熊野を下山し新宮駅へ。駅そばの熊野速玉神社をみてから3時間に1本の各駅停車に乗り込み湾岸列車を北上していく。レスタック・ジャポネな風景を眺めながら「非東京」に思いをはせた。東京に住んでいては決して実感できない中央/地方の格差が風景となって現れる。それはまぶしいほど美しい。東京が和歌山にあればなんて贅沢な日々が待ち受けることだろうな。



メッカ、エルサレムサンティアゴガンダーラ、などなど、ヒトは聖地へ向かって歩いた。世界の多くの宗教が聖地への巡礼の旅を奨励したのは、信者が肉体的苦しみを伴う経験を通じて自己や絶対的存在と向かい合うことで、空間のもつ聖性、つまり現世の先に存在するであろう「神」の国を空間体験し、生のあり方を変貌させることになるからだろう。


とはいえ、庶民にとって巡礼は一生に一度あるかないかの宗教にかこつけた楽しい観光旅行でもあった。「伊勢は7回、熊野は3回」と、ひとが一生のうちに詣でるべき回数をうたった謡曲らしい。しかしひなびた山奥の熊野三社に詣でるのは3回が限度、それより食べ物屋さんが多くてお魚も美味しく洗練された伊勢に10回行ったほうが楽しいかもしれないな(暴言其の1)。



とかいって、伊勢神宮は想像以上に凄かった。国家は宗教で支えられている、というか、国家は宗教であることを圧倒的なパワーで感じさせられた。国家も宗教も概念であると同時に社会的、精神的な制度であるから。昔の大島渚映画の撮影セットのような?虚無的な風景。天まで立ちはだかる丸柱の巨大な無意味さが、目の前に深々とあけられた見えないヴォイドのようで、なんだかそらおそろしくなった。

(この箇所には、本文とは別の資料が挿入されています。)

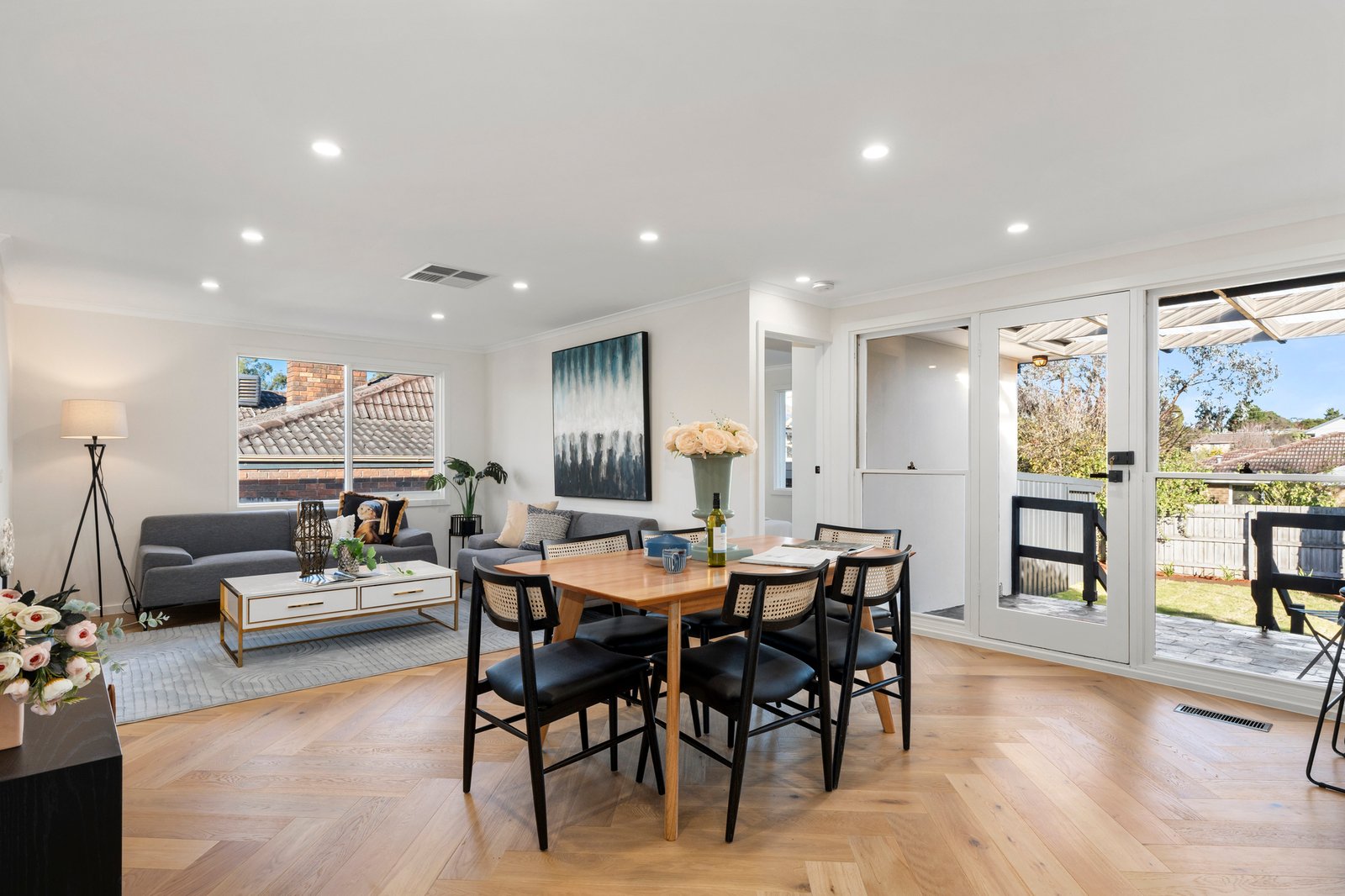 • Open-plan living and dining area filled with natural light
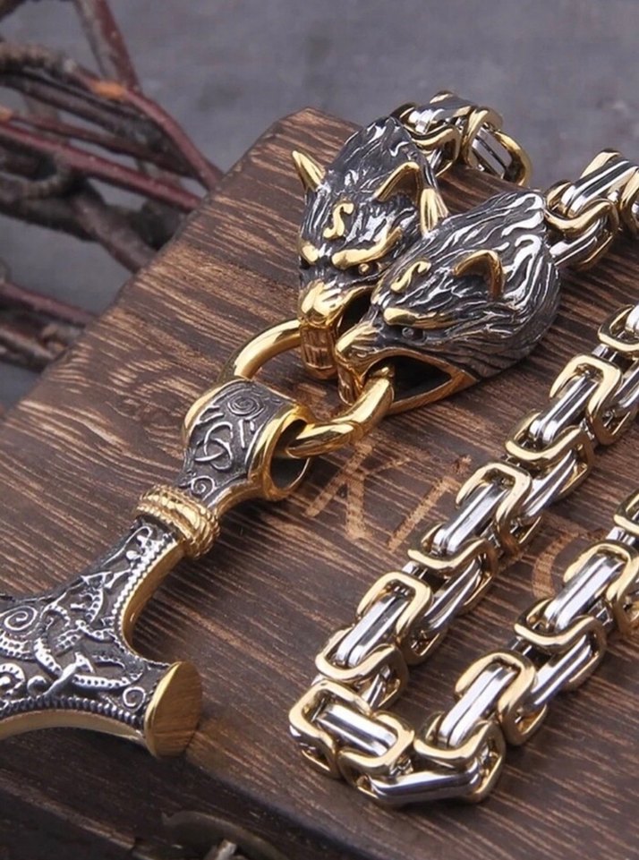 Parlak altın renkli, bohem tarzda kolye. Ayrıntılı kurt başı figürleri ve İskandinav mitolojisinden esinlenen kolye ucu ile sağlam zincir içerir. Urün sıfırdır. Ahşap kutusuyla birlikte gelecektir. Zincir uzunluğu kolye açıldığı zaman 70cm civarındadır. Yani kolye şekliyle 33-35cm civarındadır boyuna takıldığı zaman. Ağır bir kolyedir. İsveç'ten hediye geldi.

それでもできたての赤福3個+番茶=280円は噂通りのまろやかさで、甘さの中に気の遠くなるような虚無が忍び込む。



などと感動していたら、帰りの電車をまんまと乗り過ごした。伊勢市駅前の庄やで2時間後の電車を待つ。サザエのつぼ焼きをいじくりながら、どうせなら東京も古式ゆかしい伊勢方式で式年遷宮したらいいのに…と、現実的な建設コストや移転費用をまじめに考えると厳しいから、せめて国会議事堂くらいなら既存の市民会館とか議場で代わりにどうにかならないかな…などと考えた。国会議員は地方選出(=非東京)議員のほうが圧倒的に多いのだから、それで不便になることは原理的にはないだろうし、そうすればいま話題の議員公舎も民間に払い下げられる。さらに「東京」を政治システムにおいて周縁化させることにより首都一極集中の流れが多少は緩和されるだろう。


だいたい、ニッポンのようなお祭り国家、NHKが紅白の後に流れる除夜の鐘の映像とともに、国会議事堂をかたどった神輿をかついで、国会遷宮!とか叫びながら練り歩く映像を流せば、年越しイヴェントとしてまったく無意味な感動を呼び起こすこと請け合い。それに47年に1度、今年はわが県に国会がやってくる!とか思えば、なんだかそれだけでみんながハッピーになれる気もする。国会遷宮予算とか計上し、またその1年間は開催都市の問題を重点的に扱える優先権を与えられるとかして、その1年に向けて各都道府県がそれなりに整備をがんばれば復興の基盤作りにもなる気もする。それに国会・沖縄年なんてそれだけで楽しげではないかしら。オリンピックよりもよっぽどみんなのためになる。